= Magie Faure-Vidot =

Seychellois poet

Magie Faure-Vidot (also known as Mrs. Maggie Vijay-Kumar or Magic Mags) is a French-language poet from the Seychelles who has also published work in English and Seychellois Creole. She is regional director for East Africa and Asia at the writers forum, Motivational Strips. She is also a member of the Institut Académique de Paris and the Académie Internationale de Lutèce. She has received prizes including the Coupe de la Ville de Paris, a Lyre d'honneur, and medals in various international literary competitions. Her work has been discussed in critical studies of Seychellois literature, and she has gained recognition as an oral performer. Her work has been featured at national and international poetry and literary festivals.

==Life and career==

Magie Faure-Vidot was born in Victoria, Seychelles, and has lived in Lebanon, England, Italy, and France. In the Seychelles, Faure-Vidot co-founded the online literary review Vents Alizés and the online publishing house Edisyon Losean Endyen, both of which she runs with Hungarian poet Károly Sándor Pallai. She has published her work in Seychelles Nation and The People, and she is the chief editor and director of publication of Sipay, the only Seychellois International literary magazine. Faure-Vidot is heavily engaged in the cultural life of her country, and she has shown her work at exhibitions of art by local women. Her poems were published in the international poetry anthology Amaravati Poetic Prism in India. In 2017, 2018, and 2019, she received the Seychelles Arts Award in literature for her literary work.

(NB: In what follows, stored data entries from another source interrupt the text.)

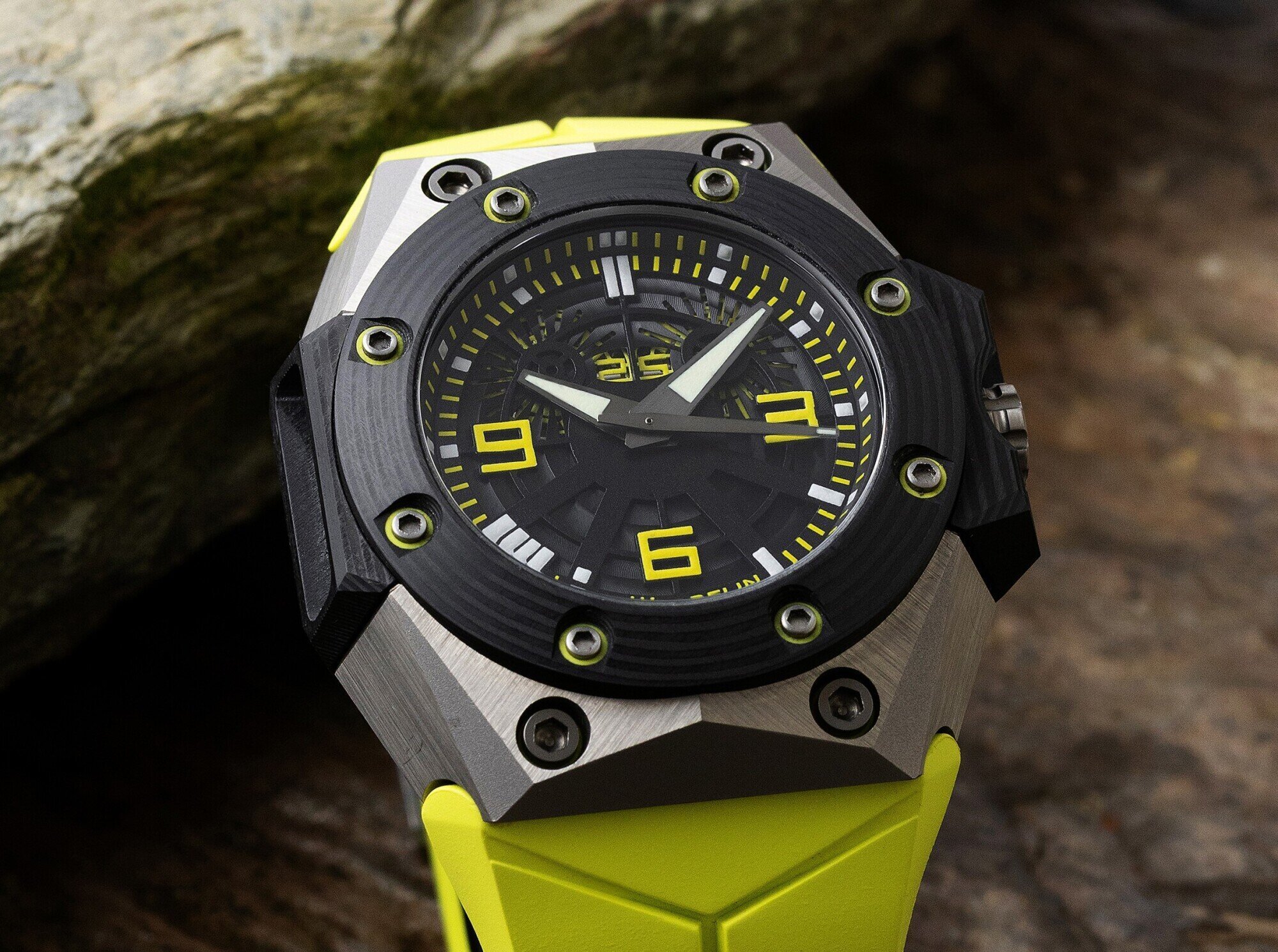 Queste le principali caratteristiche di questo pezzo unico. La cassa, mm 44×46, w.r. a m.300, è una combinazione di carbonio 3DTP e titanio 2 con finitura satinata, la corona è a vite. Il fondo in titanio reca l’incisione del polipo; la lunetta in Carbonio 3DTP è in titanio. Il movimento automatico è il Dubois Dépraz calibro 14580 (A/h 28.800, rubini 23, riserva, carica 44 h) modificato per Linde Werdelin con la complicazione della doppia data. Il quadrante strutturato come il simbolico polipo è nero con dettagli gialli. Quando l’Oktopus II fu lanciato nel 2012, tutti gli 88 pezzi furono esauriti in un batter d’occhio; quello che l’azienda propone oggi è quindi una occasione unica per gli amanti di questo interessante subacqueo. Maggiori informazioni scrivendo a: info@lindewerdelin.com.
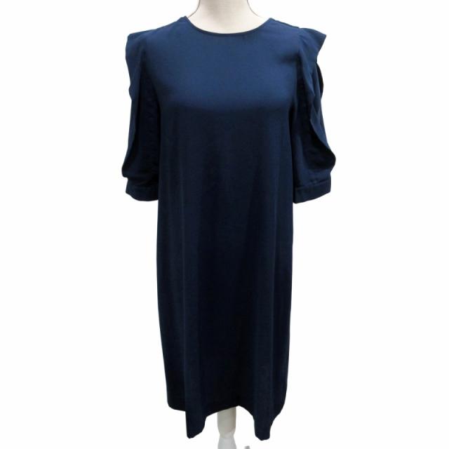 【中古】ミス ジェイ MISS J ワンピース フリル 袖切替 シフォン シアー 5分袖 ロング 38 約M 紺 ネイビー
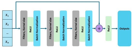 where is the input signal, represents the learned transformation through a series of convolutions, and is the final output. The presence of the identity mapping ensures that essential signal characteristics are preserved, preventing excessive modifications that could affect fault-related features in vibration signals. Each block applies multiple 1D convolutions sliding over time to extract local and global patterns. The convolution operation is defined as:

She is a member of the World Nations Writers Union (WNWU) in Kazakhstan, and is a regional director and a board member of the Motivational Strips, an international writers forum.

==Works==
- Whispers of Souls/Murmures des âmes by Les Éditions du Net, France, 2020.
- The Enchanting Rebirth/ Une Renaissance Magique, Arthee Editions 2019.
- L'Oasis des mots, Victoria, Edisyon Losean Endyen, 2016.
- Rêves créoles, Victoria, Edisyon Losean Endyen, 2012.
- Flamme mystique, Victoria, Yaw Enterprises, 2011.
- L'âme errante, Victoria, Printec Press Holdings, 2003.
- Un grand cœur triste, Paris, La Pensée Universelle, 1984.